→ **EXERCISE PROMPT**:
Below, locate the line that contains "还有一点,做账号其实不是我的". Repeat exactly from that line to the line that contains "首先,增強(qiáng)糖轉", inclusive, leaving out the pictures.
··· DATA EXCERPTS
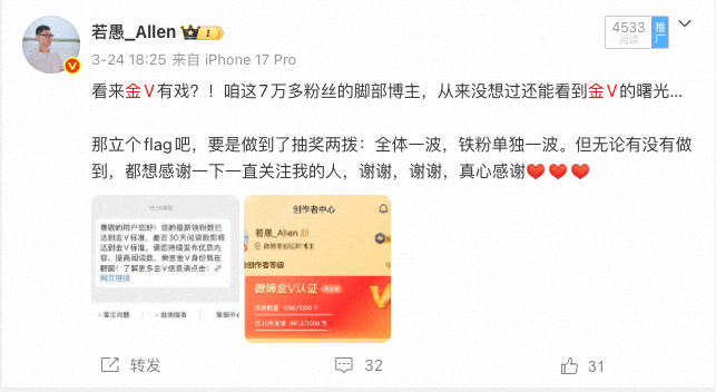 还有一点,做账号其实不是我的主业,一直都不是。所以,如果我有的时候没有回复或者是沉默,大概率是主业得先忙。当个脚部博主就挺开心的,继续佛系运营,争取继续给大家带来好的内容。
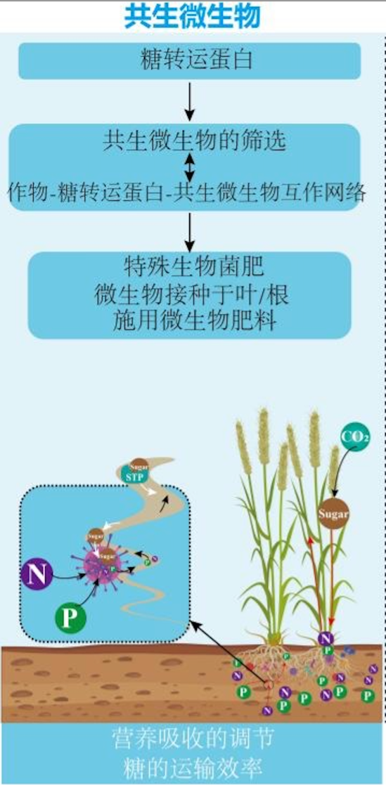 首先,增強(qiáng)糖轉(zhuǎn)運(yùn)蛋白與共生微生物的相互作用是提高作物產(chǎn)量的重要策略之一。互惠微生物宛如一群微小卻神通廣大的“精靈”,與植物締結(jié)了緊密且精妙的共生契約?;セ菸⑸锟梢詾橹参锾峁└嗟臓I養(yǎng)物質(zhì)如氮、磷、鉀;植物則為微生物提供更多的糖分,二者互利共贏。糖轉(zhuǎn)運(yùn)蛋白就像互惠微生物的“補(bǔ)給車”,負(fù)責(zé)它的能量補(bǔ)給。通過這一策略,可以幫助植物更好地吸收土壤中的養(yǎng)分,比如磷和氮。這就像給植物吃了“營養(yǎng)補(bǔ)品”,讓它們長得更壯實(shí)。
······
··· DATA EXCERPTS
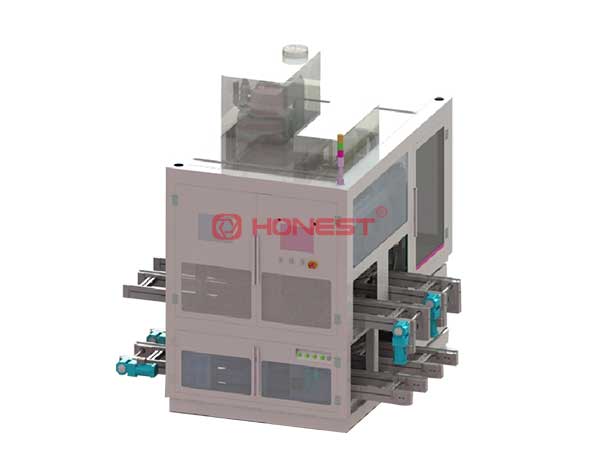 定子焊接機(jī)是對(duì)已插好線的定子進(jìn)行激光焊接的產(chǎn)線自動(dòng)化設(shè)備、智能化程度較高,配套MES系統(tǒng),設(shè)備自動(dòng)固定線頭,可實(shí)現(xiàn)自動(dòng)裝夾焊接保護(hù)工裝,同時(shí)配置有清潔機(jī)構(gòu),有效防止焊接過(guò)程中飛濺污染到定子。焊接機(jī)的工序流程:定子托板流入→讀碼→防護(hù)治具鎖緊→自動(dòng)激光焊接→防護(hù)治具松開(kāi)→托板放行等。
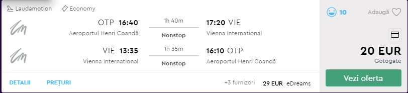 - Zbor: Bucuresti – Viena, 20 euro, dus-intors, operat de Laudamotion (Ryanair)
······
→ **TASK RESPONSE**:
 还有一点,做账号其实不是我的主业,一直都不是。所以,如果我有的时候没有回复或者是沉默,大概率是主业得先忙。当个脚部博主就挺开心的,继续佛系运营,争取继续给大家带来好的内容。
 首先,增強(qiáng)糖轉(zhuǎn)運(yùn)蛋白與共生微生物的相互作用是提高作物產(chǎn)量的重要策略之一。互惠微生物宛如一群微小卻神通廣大的“精靈”,與植物締結(jié)了緊密且精妙的共生契約?;セ菸⑸锟梢詾橹参锾峁└嗟臓I養(yǎng)物質(zhì)如氮、磷、鉀;植物則為微生物提供更多的糖分,二者互利共贏。糖轉(zhuǎn)運(yùn)蛋白就像互惠微生物的“補(bǔ)給車”,負(fù)責(zé)它的能量補(bǔ)給。通過這一策略,可以幫助植物更好地吸收土壤中的養(yǎng)分,比如磷和氮。這就像給植物吃了“營養(yǎng)補(bǔ)品”,讓它們長得更壯實(shí)。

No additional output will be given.